PROBLEM DESCRIPTION: Should an entry contain an image, omit it and repeat the rest exactly.

****************

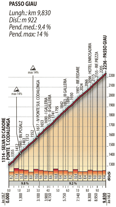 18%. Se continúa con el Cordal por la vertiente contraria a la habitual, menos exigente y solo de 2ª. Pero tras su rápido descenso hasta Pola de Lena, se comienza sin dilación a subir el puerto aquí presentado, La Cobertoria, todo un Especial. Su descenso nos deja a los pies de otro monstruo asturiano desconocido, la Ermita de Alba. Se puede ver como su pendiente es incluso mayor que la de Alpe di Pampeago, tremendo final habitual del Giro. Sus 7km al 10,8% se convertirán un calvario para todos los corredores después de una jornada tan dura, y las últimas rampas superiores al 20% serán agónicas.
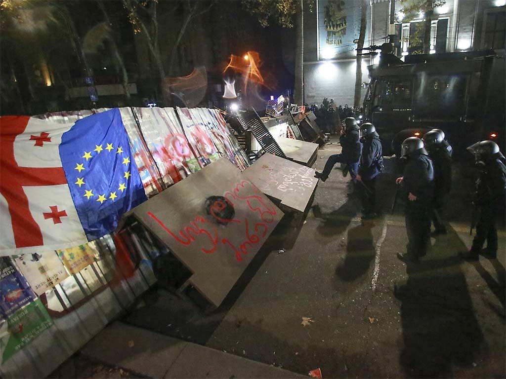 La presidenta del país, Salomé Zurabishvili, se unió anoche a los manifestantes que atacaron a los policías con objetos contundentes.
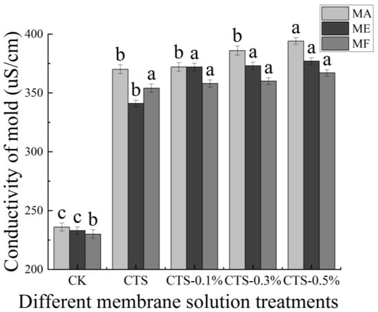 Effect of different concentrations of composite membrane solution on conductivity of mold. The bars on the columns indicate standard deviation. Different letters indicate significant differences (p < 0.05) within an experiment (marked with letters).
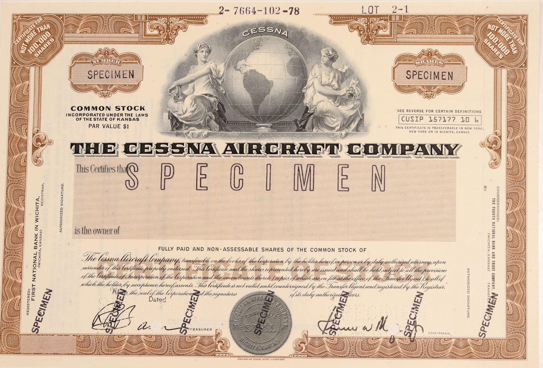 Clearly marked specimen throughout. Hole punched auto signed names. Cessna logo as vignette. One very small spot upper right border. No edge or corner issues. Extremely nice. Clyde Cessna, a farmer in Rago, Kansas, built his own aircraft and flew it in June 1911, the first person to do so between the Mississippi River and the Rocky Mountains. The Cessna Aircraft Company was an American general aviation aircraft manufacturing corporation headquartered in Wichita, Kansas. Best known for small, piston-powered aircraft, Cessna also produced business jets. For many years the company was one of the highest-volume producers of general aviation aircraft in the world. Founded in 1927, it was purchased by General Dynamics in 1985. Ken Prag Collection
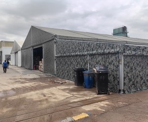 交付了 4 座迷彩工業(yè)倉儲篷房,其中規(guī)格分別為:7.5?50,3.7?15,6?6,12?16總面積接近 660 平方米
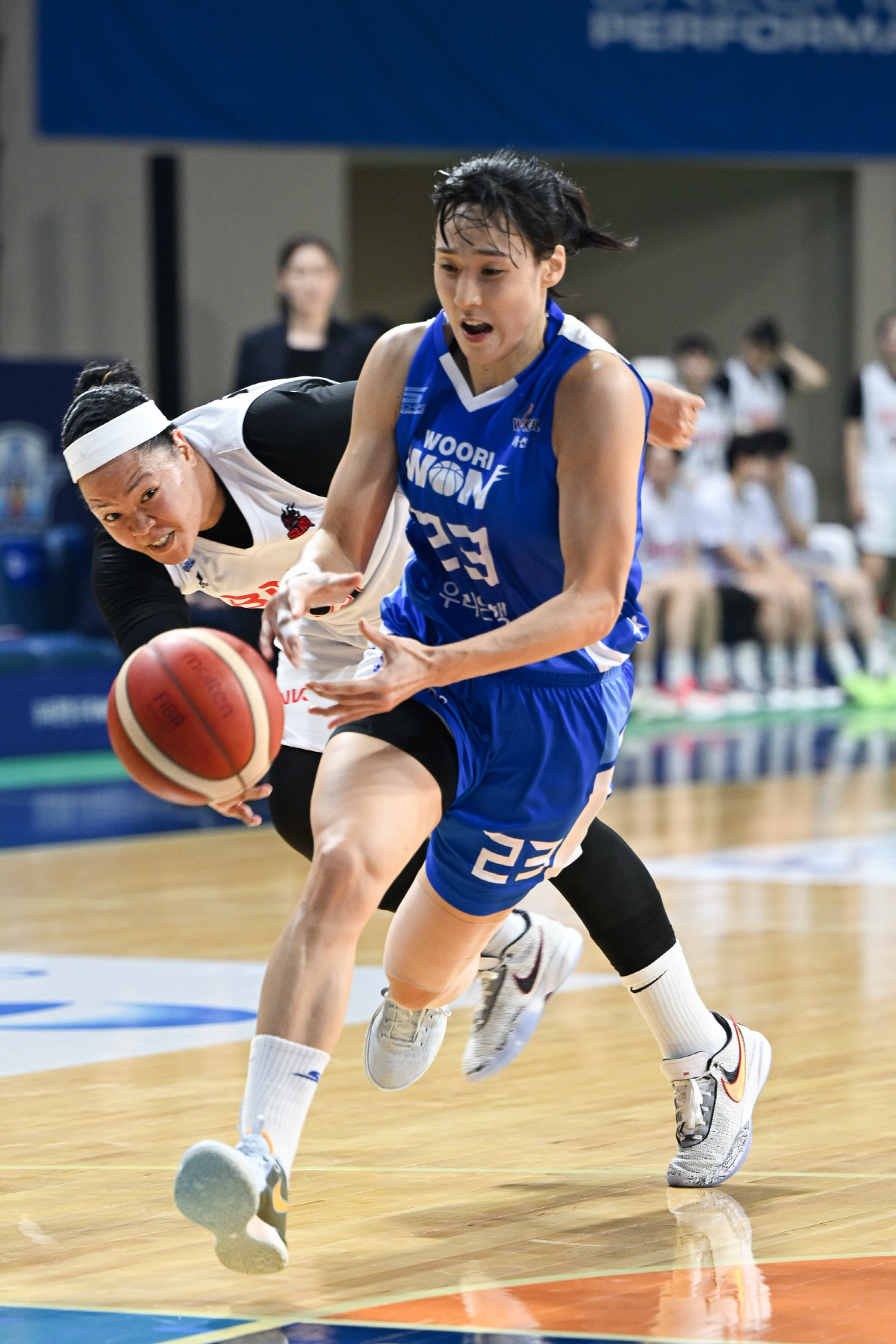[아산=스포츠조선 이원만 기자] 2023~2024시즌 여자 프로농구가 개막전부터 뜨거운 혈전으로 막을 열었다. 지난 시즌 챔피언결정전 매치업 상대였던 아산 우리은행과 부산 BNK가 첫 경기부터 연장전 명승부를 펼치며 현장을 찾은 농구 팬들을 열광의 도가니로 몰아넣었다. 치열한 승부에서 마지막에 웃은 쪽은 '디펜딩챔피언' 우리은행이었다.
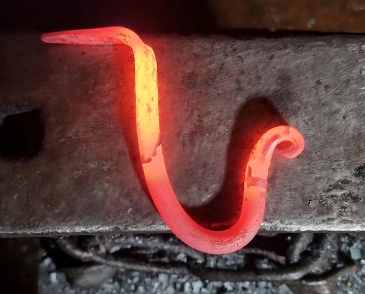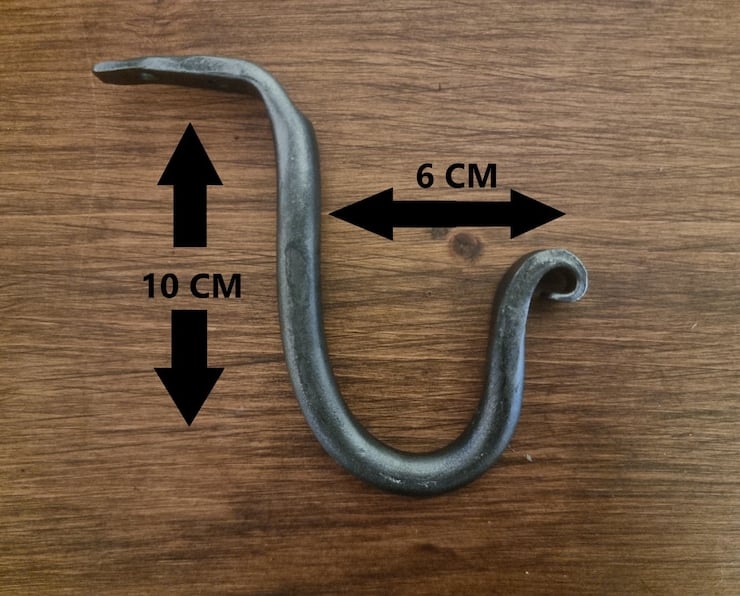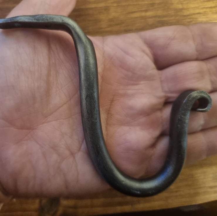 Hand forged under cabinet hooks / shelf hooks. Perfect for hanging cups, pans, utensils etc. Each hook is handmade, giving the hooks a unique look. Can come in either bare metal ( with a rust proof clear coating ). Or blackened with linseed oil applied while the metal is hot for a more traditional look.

****************

WRITTEN RESPONSE:
 18%. Se continúa con el Cordal por la vertiente contraria a la habitual, menos exigente y solo de 2ª. Pero tras su rápido descenso hasta Pola de Lena, se comienza sin dilación a subir el puerto aquí presentado, La Cobertoria, todo un Especial. Su descenso nos deja a los pies de otro monstruo asturiano desconocido, la Ermita de Alba. Se puede ver como su pendiente es incluso mayor que la de Alpe di Pampeago, tremendo final habitual del Giro. Sus 7km al 10,8% se convertirán un calvario para todos los corredores después de una jornada tan dura, y las últimas rampas superiores al 20% serán agónicas.
 La presidenta del país, Salomé Zurabishvili, se unió anoche a los manifestantes que atacaron a los policías con objetos contundentes.
 Effect of different concentrations of composite membrane solution on conductivity of mold. The bars on the columns indicate standard deviation. Different letters indicate significant differences (p < 0.05) within an experiment (marked with letters).
 Clearly marked specimen throughout. Hole punched auto signed names. Cessna logo as vignette. One very small spot upper right border. No edge or corner issues. Extremely nice. Clyde Cessna, a farmer in Rago, Kansas, built his own aircraft and flew it in June 1911, the first person to do so between the Mississippi River and the Rocky Mountains. The Cessna Aircraft Company was an American general aviation aircraft manufacturing corporation headquartered in Wichita, Kansas. Best known for small, piston-powered aircraft, Cessna also produced business jets. For many years the company was one of the highest-volume producers of general aviation aircraft in the world. Founded in 1927, it was purchased by General Dynamics in 1985. Ken Prag Collection
 交付了 4 座迷彩工業(yè)倉儲篷房,其中規(guī)格分別為:7.5?50,3.7?15,6?6,12?16總面積接近 660 平方米
[아산=스포츠조선 이원만 기자] 2023~2024시즌 여자 프로농구가 개막전부터 뜨거운 혈전으로 막을 열었다. 지난 시즌 챔피언결정전 매치업 상대였던 아산 우리은행과 부산 BNK가 첫 경기부터 연장전 명승부를 펼치며 현장을 찾은 농구 팬들을 열광의 도가니로 몰아넣었다. 치열한 승부에서 마지막에 웃은 쪽은 '디펜딩챔피언' 우리은행이었다.
 Hand forged under cabinet hooks / shelf hooks. Perfect for hanging cups, pans, utensils etc. Each hook is handmade, giving the hooks a unique look. Can come in either bare metal ( with a rust proof clear coating ). Or blackened with linseed oil applied while the metal is hot for a more traditional look.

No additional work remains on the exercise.